Back in the early 1900s, authors Roberto G. Quercia, Allison Freeman and Janneke Ratcliffe explain, "most urban African Americans lived in neighborhoods that were predominantly white." But those setting federal housing policy believed that racially mixed neighborhoods had unstable property values. So when the Federal Housing Administration began promoting homeownership in the 1930s by backing home mortgages, it actually required racially restrictive covenants on the properties it insured.

The U.S. Supreme Court largely put an end to these restrictive covenants in 1948, but only slightly more subtle forms of racial discrimination in housing continued to be widespread for at least another generation.

It's hard to believe now, but the FHA's 1938 Underwriting Manual stated that "if a neighborhood is to retain stability, it is necessary that properties shall continue to be occupied by the same social and racial classes. A change in social or racial occupancy generally contributes to instability and a decline in values."

Quercia, Freeman and Ratcliffe, all researchers at the University of North Carolina - Chapel Hill, lay out the results such policies produced in stark terms:

The creation of these policies and practices helped support the creation of economically healthy white suburbs and economically struggling, primarily minority, central cities. If dense, aging, and mixed developments were considered less valuable, central city areas by definition would be undervalued. If it was important to keep racial and social stability in neighborhoods, then as white middle-class people were the first occupants of new suburban developments, black Americans would find themselves excluded from these areas. ... Between 1939 and 1954, FHA supported 60 percent of home purchases. Between the mid-1940s and mid-1950s, only 2 percent of these mortgages went to black Americans.

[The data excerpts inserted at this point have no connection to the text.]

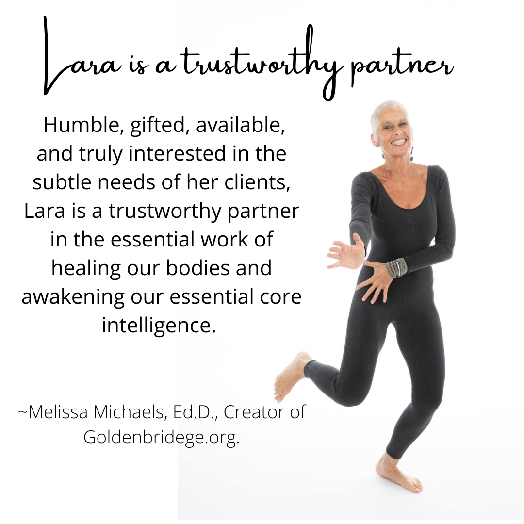 Through Lara’s uniquely attuned embodiment, you’ll be guided to:
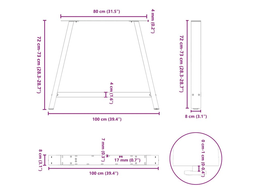 Nohy k jídelnímu stolu ve tvaru A, 2 ks, černé, 100 x (72-73) cm, ocel 4012864
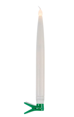 Our elegant Ivory LED Taper Candles, set of 10, offer a warm glow without the worry of traditional flames. Easy to clip directly on to your Christmas tree and turn on and off by remote control.
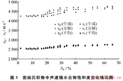 水合物的微觀分布對(duì)沉積物的聲學(xué)性質(zhì)具有重要影響:在固結(jié)沉積物中,由于在孔隙流體中生成,0~10%飽和度的水合物對(duì)聲速影響甚小;在松散沉積物中,由于水合物膠結(jié)沉積物顆粒生成,微量的水合物(飽和度1%左右)使縱波速度陡增。這表明,了解水合物的微觀分布對(duì)水合物資源估算具有重要的指導(dǎo)作用。
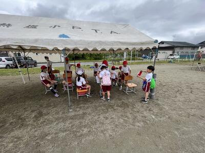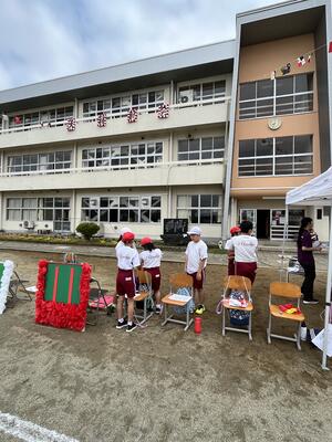 朝早くから保護者の方々の手伝いで、準備も終わり、子供達が出てきました。
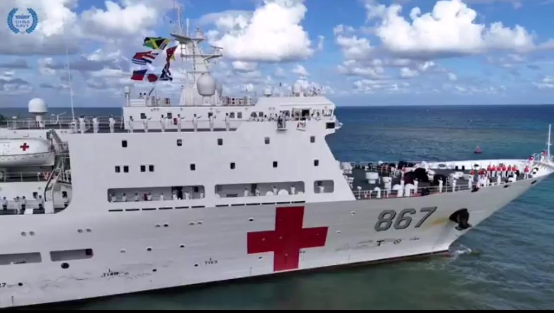 新闻快讯——(当地时间12月16日)中国海军“和平方舟”号医院船圆满结束对牙买加的友好访问及医疗服务任务,驶离法尔茅斯港,前往下一站巴巴多斯执行任务。 访问期间,“和平方舟”号在蒙特哥贝、金斯敦、法尔茅斯三地累计为7536人次提供诊疗服务,完成手术及各类医疗操作715台,收治住院患者50人,创下该船海外任务以来主医疗平台单站诊疗人次的最高纪录。 同时,中国海军还派出医疗专家骨干,与牙买加医护人员开展联合会诊及学术交流,得到牙买加政府和当地民众的高度赞誉。
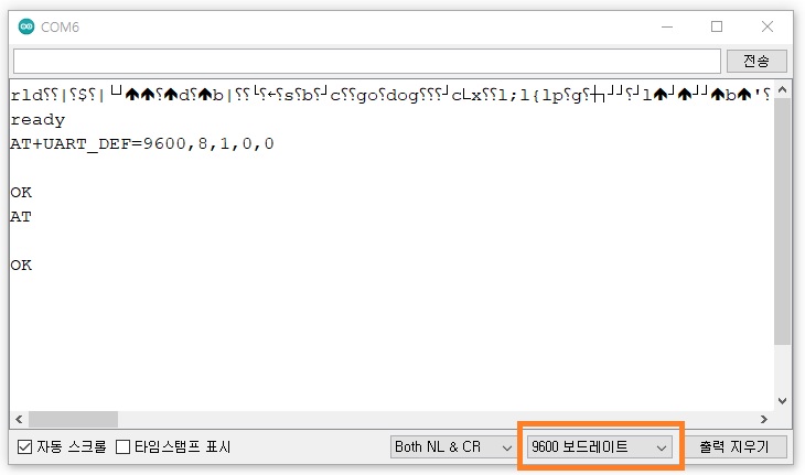 아래처럼 OK 응답이 표시된다면 ESP-01의 baud rate가 9600으로 변경된 것이다.

The effects of these policies linger today. For most Americans other than the very wealthy, their home is their single largest asset, the main repository of family wealth. The fact that whole groups of Americans were systematically kept from buying a home in neighborhoods where values were most likely to appreciate is a significant factor in today's racial wealth gap. According to the Pew Center, for every dollar a white family owns, the median Latino family has six cents and the median black family has a nickel.

That staggering gap didn't happen by chance. It was largely a result of deliberate policy choices.

As with many aspects of America's troubled history around race, it's tempting to try to forget all this -- to pretend that it's just history and no longer relevant. But sadly, the effects of our history of racial segregation live on, and efforts to fix the ongoing damage must continue.

As they look at the future of housing policy, the Obama administration and Congress must avoid policies that limit homeownership to the wealthy and thus continue to expand the gap between rich and poor. As Regaining the Dream shows, policies that promote sustainable homeownership for Americans of modest means are not only possible, they are good for our whole nation.